Welcome to the sometimes surreal life of a rural mom, her two kids, and her legion of pets.

Thursday, April 14, 2011

Why I Do "Relay For Life"

About a lifetime ago, I did a blog on MySpace about my breast cancer scare. Relay For Life is coming up, and I thought it was a good time to touch on the subject again. So here it is.

September 11, 2006 was the kind of day that starts out hopeful, then ends in chaos. I had an appointment with the obstetrician, and an ultrasound planned. In the course of the appointment, the doctor found a lump in my breast. That's when life began to go crazy. Every possible emotion coursed through me, anger, sadness, fear...especially fear.

After a second opinion, I went to the CNY Breast Health Center. I was expecting it to be a quick appointment, and planned on getting lunch and doing some shopping afterward. No such luck, because there on the sonogram screen was this big black void. The doctor came in with a serious expression on his face.

"We need to take a tissue sample. Today." In a single moment my entire world felt like it was crashing down around me. All I could picture was my oldest son's face. I couldn't breathe. I called Ed, and he literally ran out of work and up the hill to the hospital. I was sitting in the waiting room crying hysterically, when the girls in the admitting office saw me and pulled me into their office, so that I wouldn't be on display. They brought me tissues and ice water, and held my hand until Ed got there.

If you ever need to have this done. I would recommend this office to anyone. They explained everything as it happened. A nurse held my hand the entire time, and they even let Ed go in for the procedure with me.

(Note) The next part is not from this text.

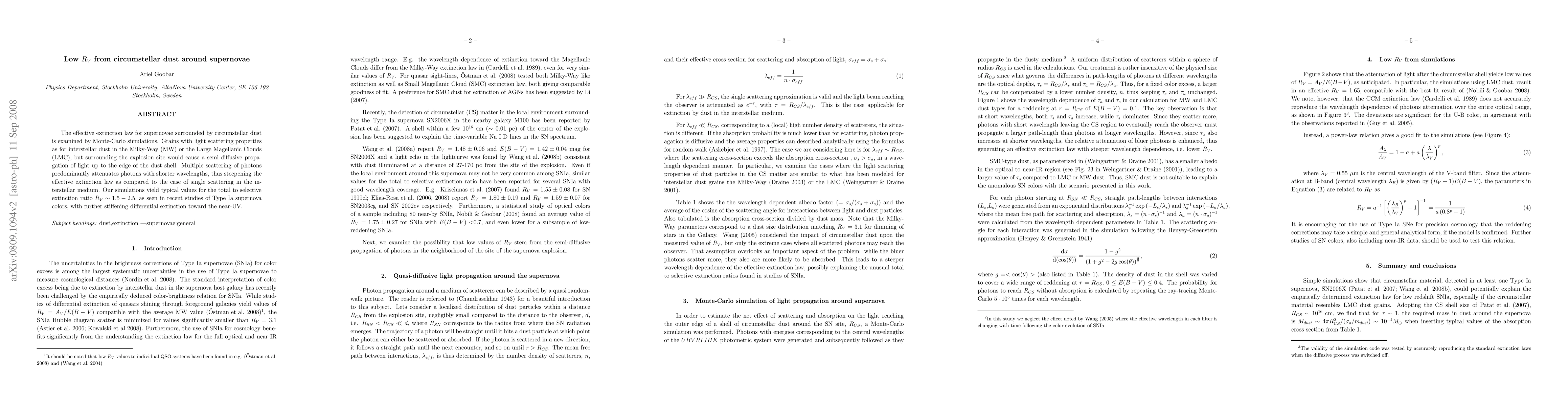 The effective extinction law for supernovae surrounded by circumstellar dust is examined by Monte-Carlo simulations. Grains with light scattering properties as for interstellar dust in the Milky-Way (MW) or the Large Magellanic Clouds (LMC), but surrounding the explosion site would cause a semi-diffusive propagation of light up to the edge of the dust shell. Multiple scattering of photons predominantly attenuates photons with shorter wavelengths, thus steepening the effective extinction law as compared to the case of single scattering in the interstellar medium. Our simulations yield typical values for the total to selective extinction ratio $R_V\sim 1.5-2.5$, as seen in recent studies of Type Ia supernova colors, with further stiffening differential extinction toward the near-UV.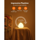 Svetloba + glasba se lahko neprekinjeno predvaja do 20 ur, največja življenjska doba baterije čiste glasbe pa je več kot 40 ur.

If you have never had a breast biopsy, let me tell you that it is the freakiest, most degrading thing you will ever go through. First they "numbed" the area with Lidocane, while they tell you that you won't feel anything but a little pressure. They are lying. Then they make a slit in the skin, and take an instrument that looks like an eight inch needle with a box on the end of it. They shove it into the slit, and when they take the sample, it sounds like a staple gun going off. They repeat this about eight times. It hurt like hell. I'm lying topless on an exam table in a room crowded with people, while some guy I don't know is removing part of my breast, piece by piece. When it was all over, I started shaking and couldn't stop. It's been five years, and I still wake up screaming from nightmares about it.

In the end the tests all came back negative for cancer. I was lucky. So now five years later, I do Relay for Life. I do it for all the women who weren't as lucky as I was. For all the mothers who didn't get to watch their children grow. For all the children who watched their mothers lose their battle. I was lucky. It's my way of saying thank you. So when you see a Relay for Life event, remember my story.